Reproduce the entries that follow precisely, setting aside any images.

**** Records for the exercise

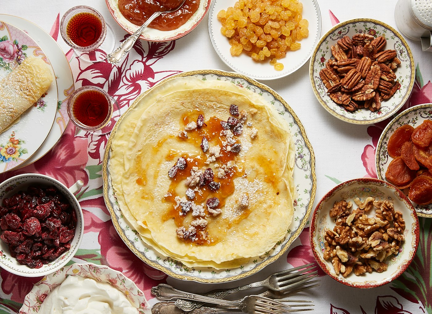 Agi put out the dessert on her long, white tablecloth with her floral china at family dinners. And, “when my parents would go out for a date night they’d drop us off at my grandparents’ house…. She’d put out a huge dessert display for me and my brother….two different kinds of babka, Entenmann's,” and, of course, palacsinta, Jeremy says. “She was playing up the grandma card hardcore.”
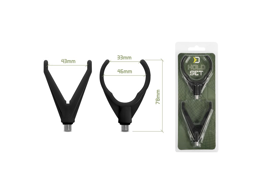 HoldSET je vyroben z odolného plastového materiálu a díky své praktičnosti a ceně jej ocení jak začátečníci tak zkušení rybáři. Zadní držák, navržený ve tvaru písmene U, umožňuje bezpečné uložení prutů s různými průměry rukojetí. Přední držák ve tvaru písmene V je opatřen drážkou, pro plynulý přechod vlasce během záběru.
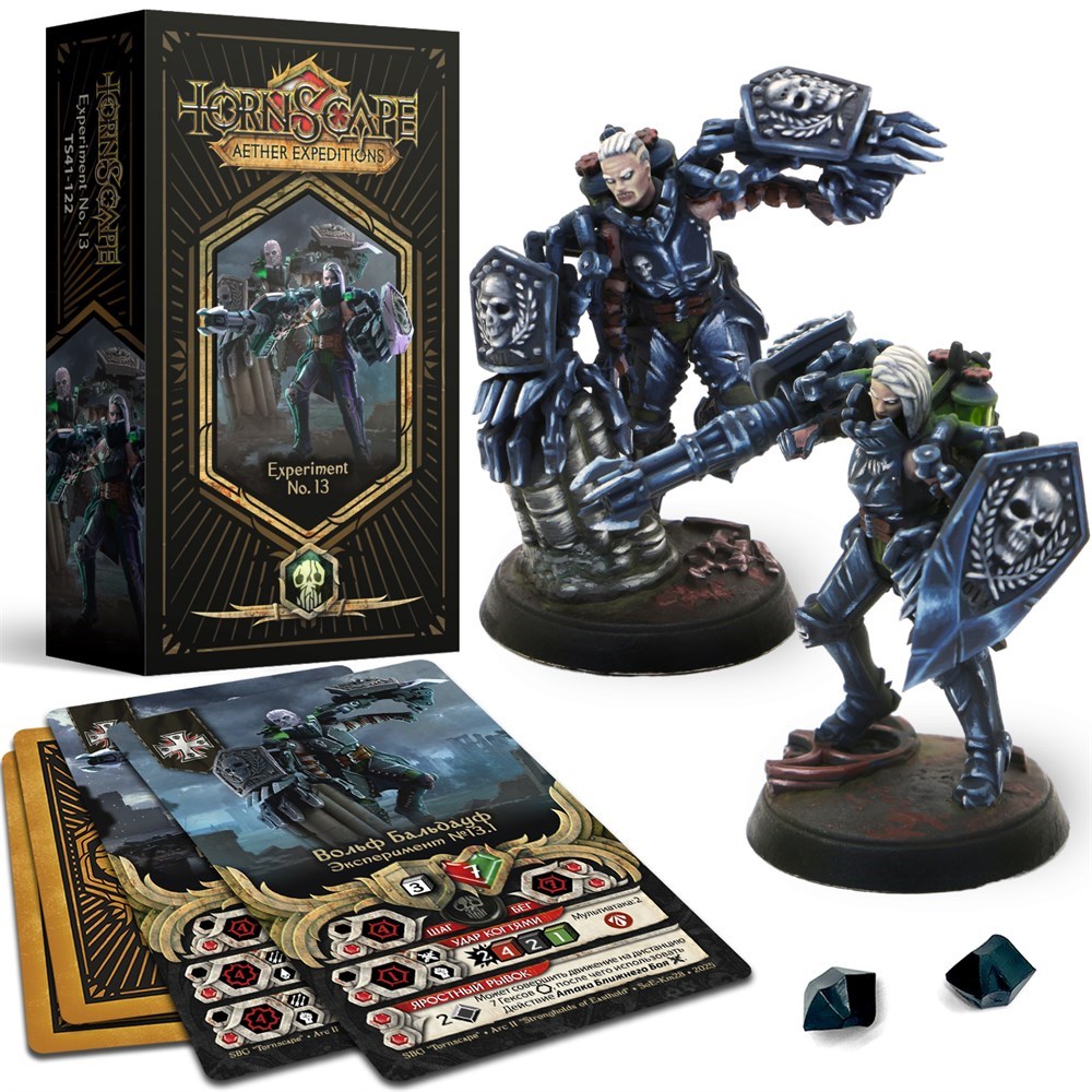 Миниатюры «Вольф Бальдауф, Эксперимент №13.1» и "Верена Бальдауф, Эксперимент №13.2" для настольной игры Tornscape. Данный набор состоит из деталей для сборки миниатюр, двух 32мм Подставок, двух Карточек Миниатюр и случайных Карты Бога (Смерть).
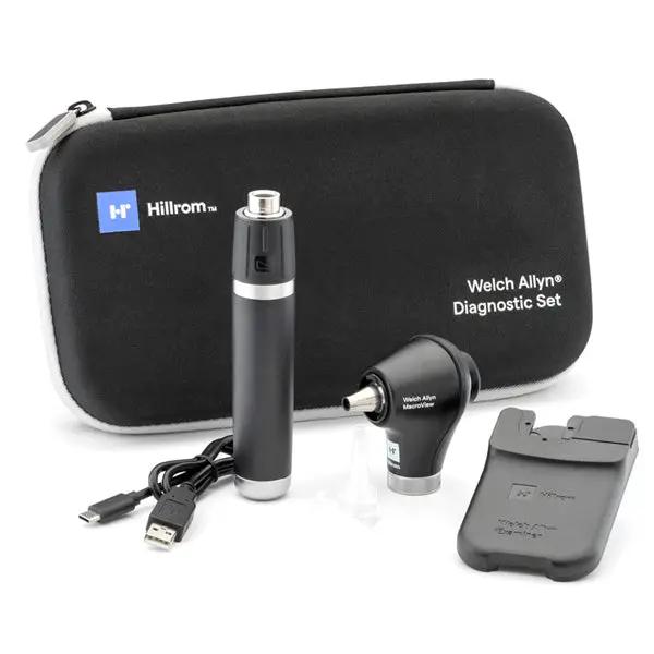 Welch Allyn 3.5V Diagnostic Set with MacroView Plus LED Otoscope for iExaminer, one Premium Lithium Ion Plus USB Rechargeable Power Handle, and Hard Case.
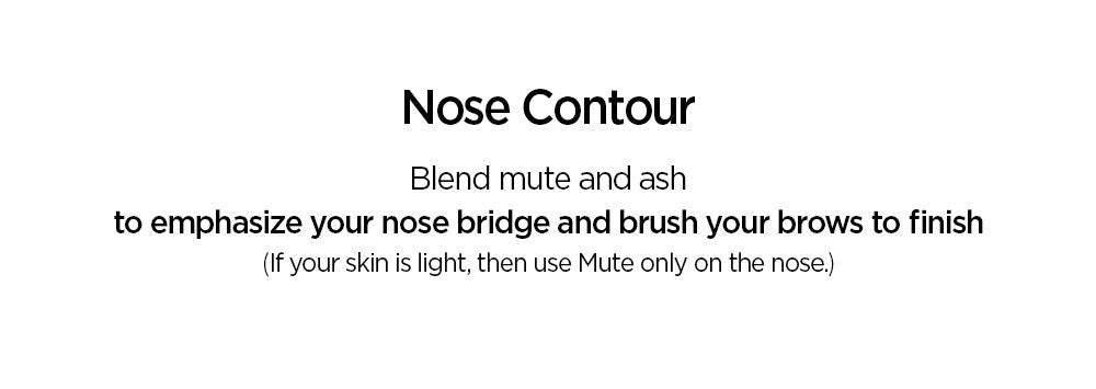 - Nose Contour: Mix Mute and Ash to define the nose bridge. Use Mute alone for lighter skin tones.
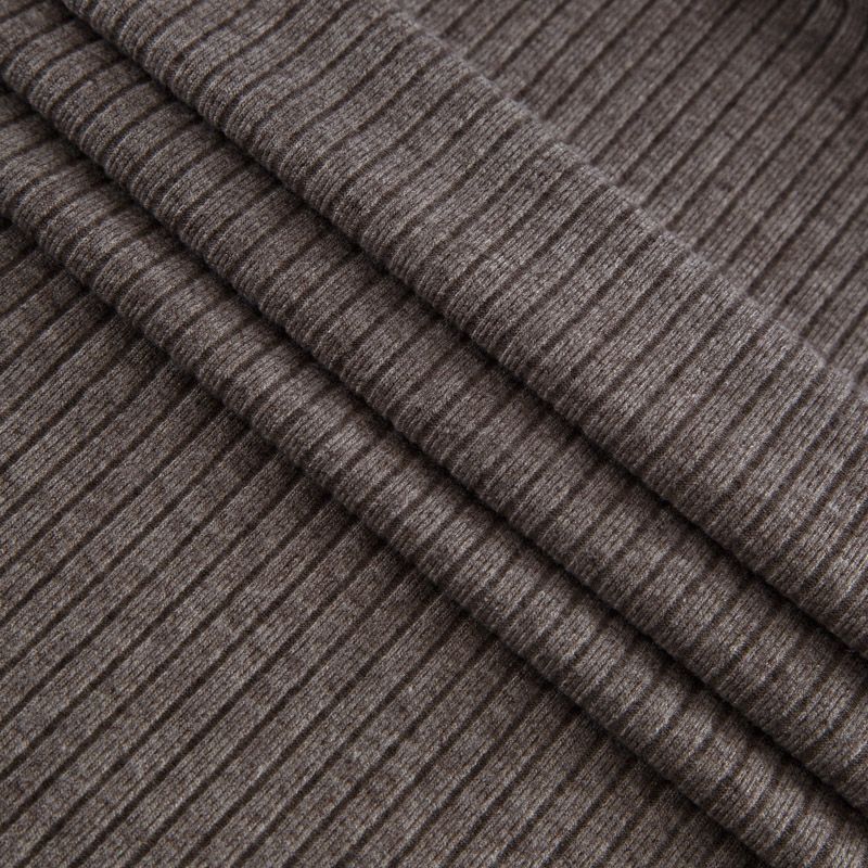 Поверхность фактурная, мягкая и приятная на ошупь. Трикотаж хорошей плотности, не просвечивает, хорошо драпируется, умеренно держит форму. Подойдет для пошива водолазки, лонгслива, кардигана, свитера, широких брюк.
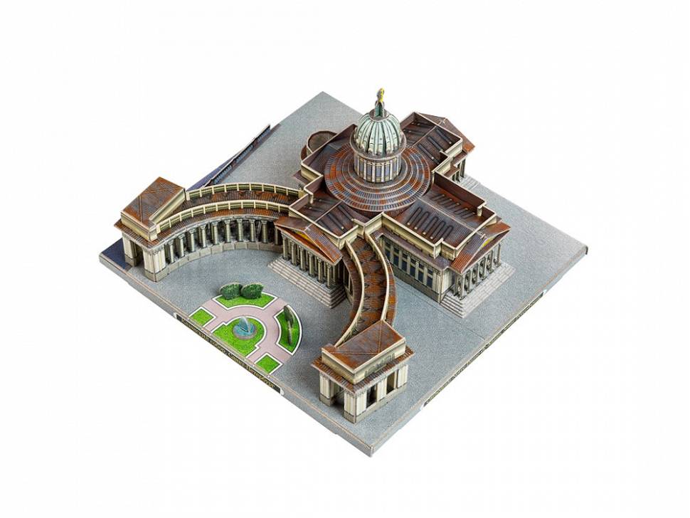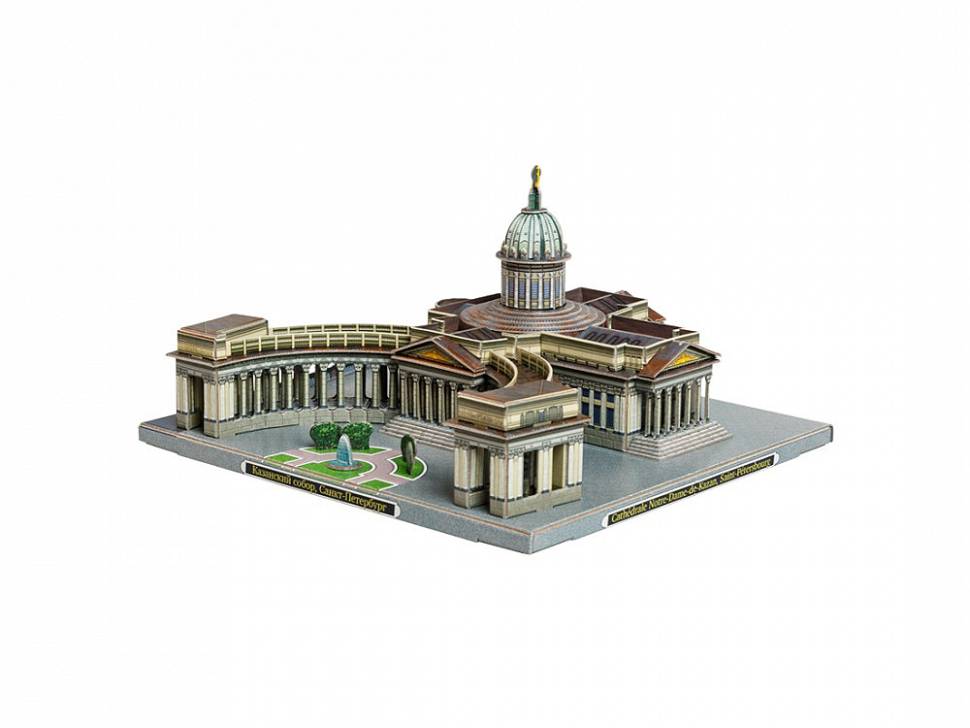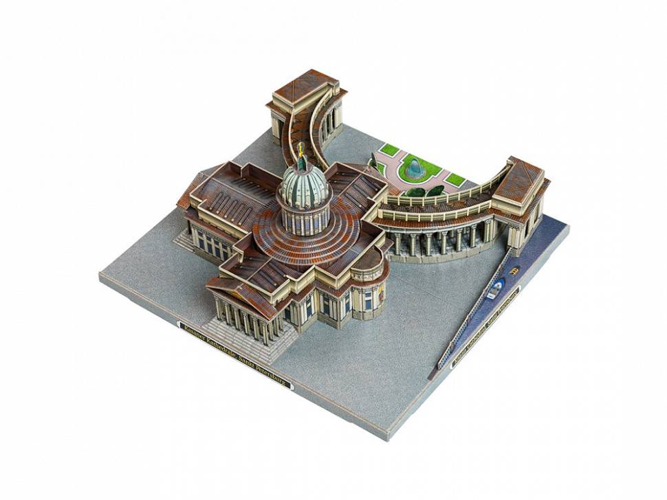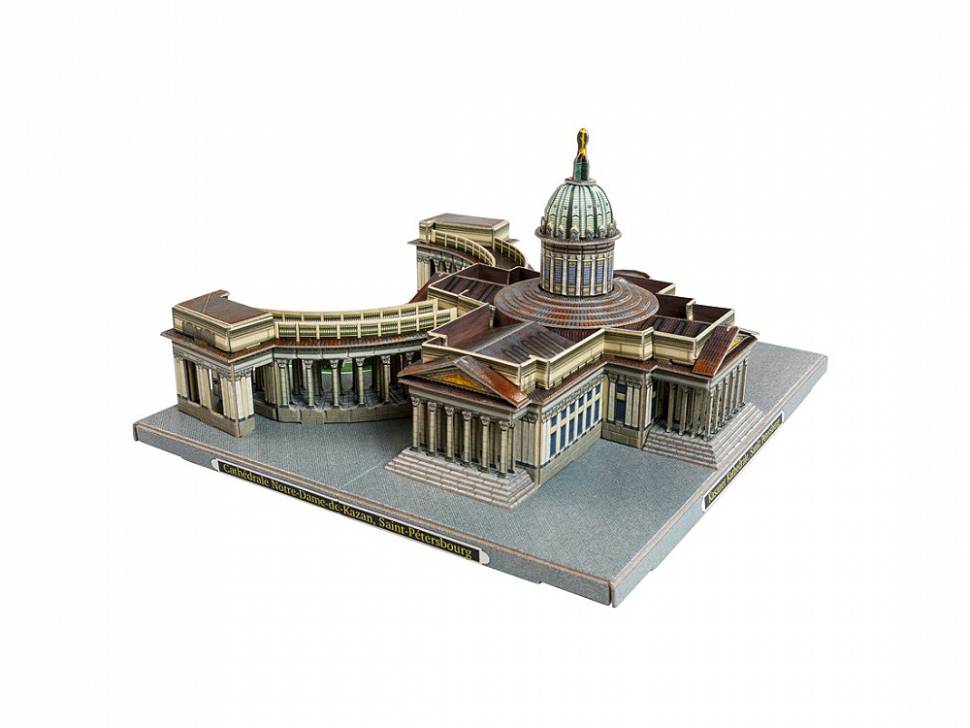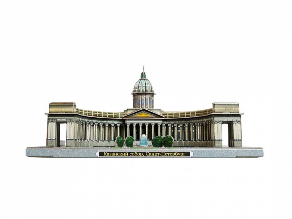 Казанский кафедральный собор один из крупнейших храмов Санкт-Петербурга. Построен на Невском проспекте в 18011811 годах архитектором Андреем Воронихиным для хранения чтимого списка чудотворной иконы Божией Матери Казанской. После Отечественной войны 1812 года приобрёл значение памятника русской воинской славы. 1813 году здесь был похоронен полководец Михаил Илларионович Кутузов и помещены ключи от взятых городов и другие военные трофеи. В 1932 году превращён в Музей истории религии и атеизма. С 1991 года действующий храм, несколько лет сосуществовавший с экспозицией музея. С 2000 года кафедральный собор Санкт-Петербургской епархии Русской православной церкви. Данный сувенир станет отличным памятным подарком для гостей Северной Столицы. Количество деталей - 101 Сложность сборки - 2 Размер - 17.5х18.5х10.2 см
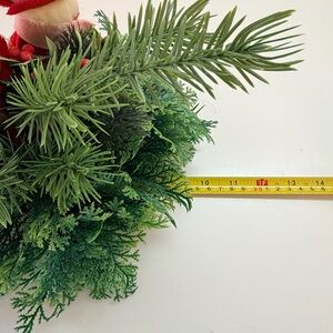 One of the carolers is loose and can be positioned where buyer wants it. Several greenery picks on a foam base.
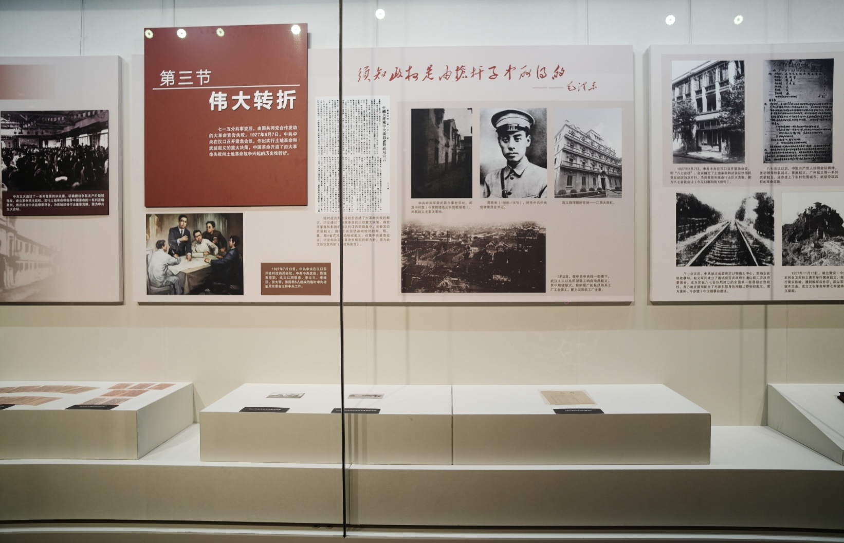 展示了大革命时期,武汉成为大革命中心和第一次国共合作的重要舞台,从而掀开了武汉近代史上光辉的一页。毛泽东、周恩来、瞿秋白等老一辈革命家集聚江城;中共五大、八七会议在武汉召开;南昌起义、秋收起义在武汉决策;党的中央监察委员会在武汉首创;从国民革命到土地革命的历史转折,在武汉开启。史料《京汉工人流血记》,白劳德和汤姆在武汉出席会议照片,1923年1月6日《劳动周报》,1927年3月11日《群众》、《向导》周报影印版等展品,记录了那段流血牺牲、英勇奋斗的历史。
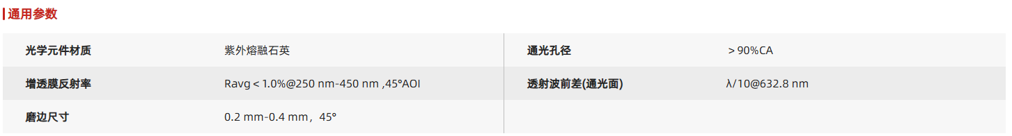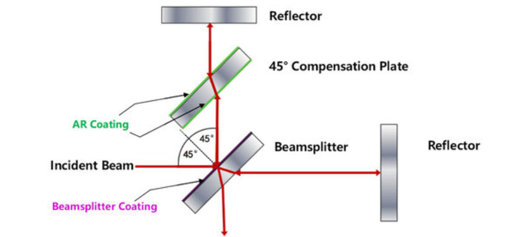 提供的45°分束补偿片是一种光学窗口,可用于补偿光束通过不同基底厚度而产生的相位差。与传统窗口片的0°入射角设计不同,分束补偿片的最佳入射角设计为45°,因此一般与分束镜配合使用。
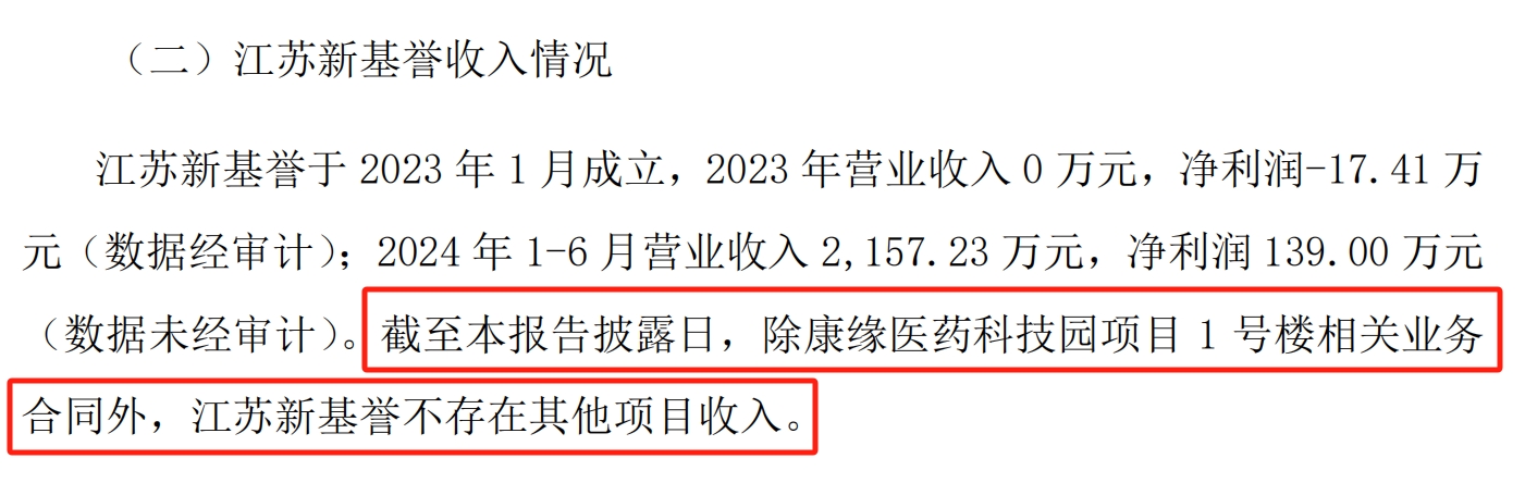 很快,康缘药业的关联交易引起了监管方面的关注,上海证券交易所发去了监管工作函。康缘药业对监管函的回复显示,截至公告之日,除与康缘药业的相关业务合同外,江苏新基誉不存在其他项目收入。

********

• Finished task:
 Agi put out the dessert on her long, white tablecloth with her floral china at family dinners. And, “when my parents would go out for a date night they’d drop us off at my grandparents’ house…. She’d put out a huge dessert display for me and my brother….two different kinds of babka, Entenmann's,” and, of course, palacsinta, Jeremy says. “She was playing up the grandma card hardcore.”
 HoldSET je vyroben z odolného plastového materiálu a díky své praktičnosti a ceně jej ocení jak začátečníci tak zkušení rybáři. Zadní držák, navržený ve tvaru písmene U, umožňuje bezpečné uložení prutů s různými průměry rukojetí. Přední držák ve tvaru písmene V je opatřen drážkou, pro plynulý přechod vlasce během záběru.
 Миниатюры «Вольф Бальдауф, Эксперимент №13.1» и "Верена Бальдауф, Эксперимент №13.2" для настольной игры Tornscape. Данный набор состоит из деталей для сборки миниатюр, двух 32мм Подставок, двух Карточек Миниатюр и случайных Карты Бога (Смерть).
 Welch Allyn 3.5V Diagnostic Set with MacroView Plus LED Otoscope for iExaminer, one Premium Lithium Ion Plus USB Rechargeable Power Handle, and Hard Case.
 - Nose Contour: Mix Mute and Ash to define the nose bridge. Use Mute alone for lighter skin tones.
 Поверхность фактурная, мягкая и приятная на ошупь. Трикотаж хорошей плотности, не просвечивает, хорошо драпируется, умеренно держит форму. Подойдет для пошива водолазки, лонгслива, кардигана, свитера, широких брюк.
 Казанский кафедральный собор один из крупнейших храмов Санкт-Петербурга. Построен на Невском проспекте в 18011811 годах архитектором Андреем Воронихиным для хранения чтимого списка чудотворной иконы Божией Матери Казанской. После Отечественной войны 1812 года приобрёл значение памятника русской воинской славы. 1813 году здесь был похоронен полководец Михаил Илларионович Кутузов и помещены ключи от взятых городов и другие военные трофеи. В 1932 году превращён в Музей истории религии и атеизма. С 1991 года действующий храм, несколько лет сосуществовавший с экспозицией музея. С 2000 года кафедральный собор Санкт-Петербургской епархии Русской православной церкви. Данный сувенир станет отличным памятным подарком для гостей Северной Столицы. Количество деталей - 101 Сложность сборки - 2 Размер - 17.5х18.5х10.2 см
 One of the carolers is loose and can be positioned where buyer wants it. Several greenery picks on a foam base.
 展示了大革命时期,武汉成为大革命中心和第一次国共合作的重要舞台,从而掀开了武汉近代史上光辉的一页。毛泽东、周恩来、瞿秋白等老一辈革命家集聚江城;中共五大、八七会议在武汉召开;南昌起义、秋收起义在武汉决策;党的中央监察委员会在武汉首创;从国民革命到土地革命的历史转折,在武汉开启。史料《京汉工人流血记》,白劳德和汤姆在武汉出席会议照片,1923年1月6日《劳动周报》,1927年3月11日《群众》、《向导》周报影印版等展品,记录了那段流血牺牲、英勇奋斗的历史。
 提供的45°分束补偿片是一种光学窗口,可用于补偿光束通过不同基底厚度而产生的相位差。与传统窗口片的0°入射角设计不同,分束补偿片的最佳入射角设计为45°,因此一般与分束镜配合使用。
 很快,康缘药业的关联交易引起了监管方面的关注,上海证券交易所发去了监管工作函。康缘药业对监管函的回复显示,截至公告之日,除与康缘药业的相关业务合同外,江苏新基誉不存在其他项目收入。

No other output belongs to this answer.